In 2004 Europe saw a return to vigorous traffic growth, yet without accompanying delays. Never before have Europe's skies been so busy: the threshold of 29,500 daily flights was reached in September 2004. During that month, traditionally the busiest, there was 8% more traffic than in September 2001 and yet delays were down by 50%. Safety figures were also reassuring although vigilance cannot be allowed to slacken. And with the publication of the Strategic Safety Action Plan last year, Europe finally has an overall strategy covering everything from training to regulation.

But traffic growth continues. It is expected to come in at 4.8% for 2004 and could stay at this level over the next five to 10 years. As a result, more ATM capacity will be needed if we are to reach the target of only one minute of delay due to air traffic flow management per flight in 2006. In fact, capacity must increase by 20-25% before 2009 to reach this target. At the same time costs need to be reduced for airspace users and Eurocontrol is committed to doing all it can to make the ATM system more efficient.

The outlook for the future is positive but certain steps must be taken to ensure that the system continues to function well. Over the next decade, we have to do two things to make the European ATM system safe and efficient. First, we have to improve the existing system through optimisation. Second, we must prepare for the next generation of technology which is needed to cope with the forecast traffic.

ATM exists primarily to ensure safety and it must remain the prime concern. But when traffic doubles, risk is multiplied by four and by nine when it triples. Traffic has indeed tripled in the last 25 years, and is expected to double again in the next 20 years. Our safety objective is that the absolute number of incidents/accidents should not increase, which means that the underlying rate must be divided by four when traffic has doubled, or by nine when it has tripled.

Punctuality too has improved. Until now, delays were mainly caused in the en-route phase. Now that this issue is being resolved, it is likely that airports could form the next bottleneck. `A large part of the capacity problem at airports is caused by runway congestion and Eurocontrol has a range of projects, tools and methodologies to help airports extract maximum use from their runways. These are already proving effective in the field.

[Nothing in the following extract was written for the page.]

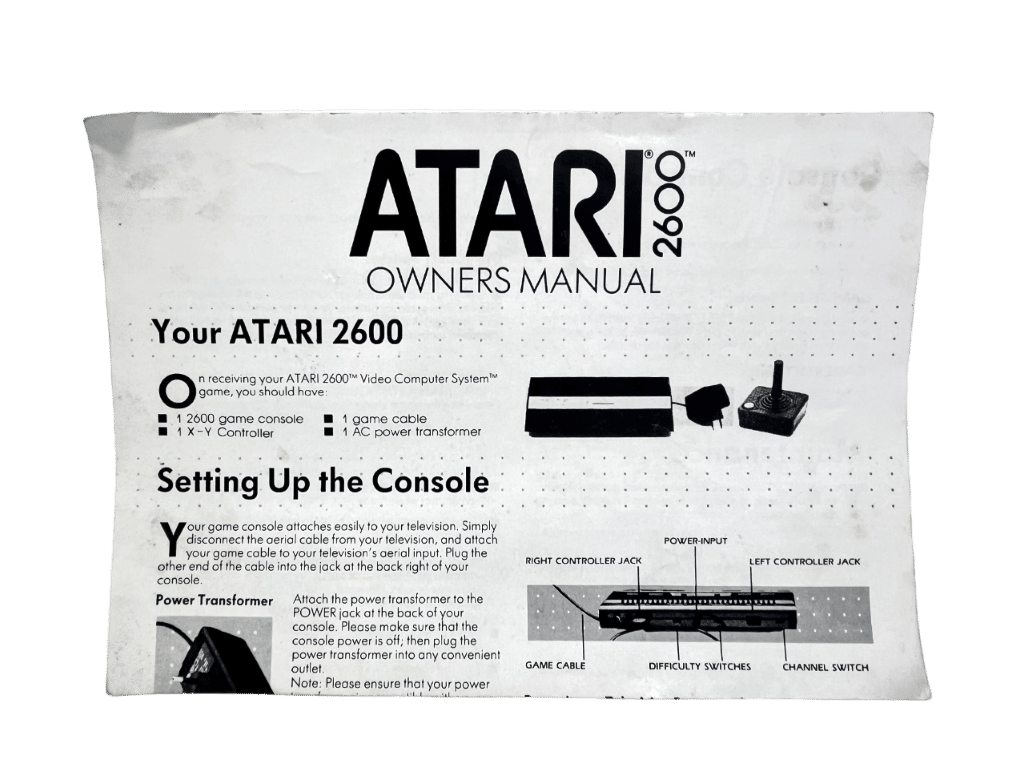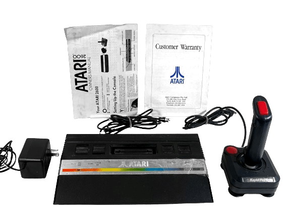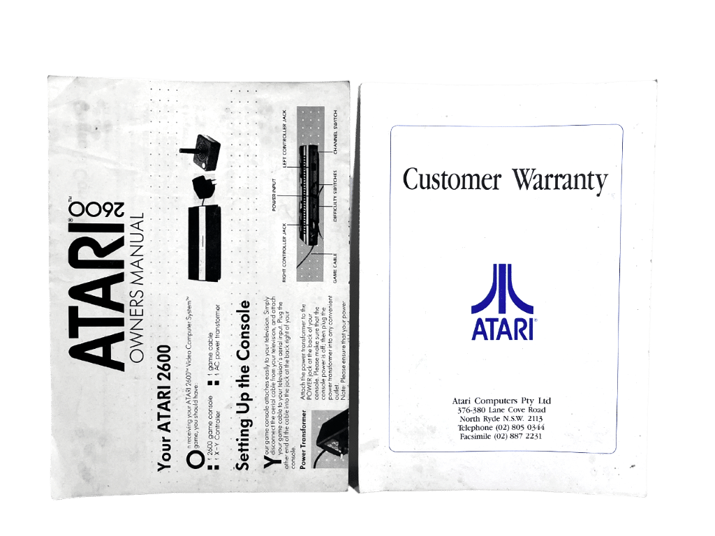 ATARI 2600 Retro Gaming Console Complete Playing Bundle: Console + Joystick (controller) + AC Power Adapter + TV Aerial connector lead + Original Instruction Booklet + Original Warranty dated 1988 – purchased New in 1988 from KMart in Australia! This preowned Atari 2600 is in good condition and has been tested on a CRT TV. Power pack has some wear and tear pictured, but is still operational. Joystick is sound. Refer images.

Another area that could help optimise runway utilisation is to introduce sequencing through flow and capacity management so that traffic flows reach runways at even, predictable rates. It is a project under examination.

A comparison with the US ATM system carried out by Eurocontrol's Performance Review Commission indicated that the European system is more expensive than it could be. The US system handles twice as much traffic in the same volume of airspace, at only 15% more cost and with similar staffing.

A comparison of European air navigation service providers reveals great disparities in productivity and support cost ratios. Raising the average to the level of the third best provider would make for a 40%improvement in both areas.

There is real potential for substantial savings, providing higher levels of service and increased efficiency. Flights do not always take the most direct route from their point of departure to their destination, for several reasons:

·        aircraft often fly around large portions of airspace reserved for the military;

·        airlines may choose longer routes to avoid congested areas;

·        airlines may select routes over areas with lower charges.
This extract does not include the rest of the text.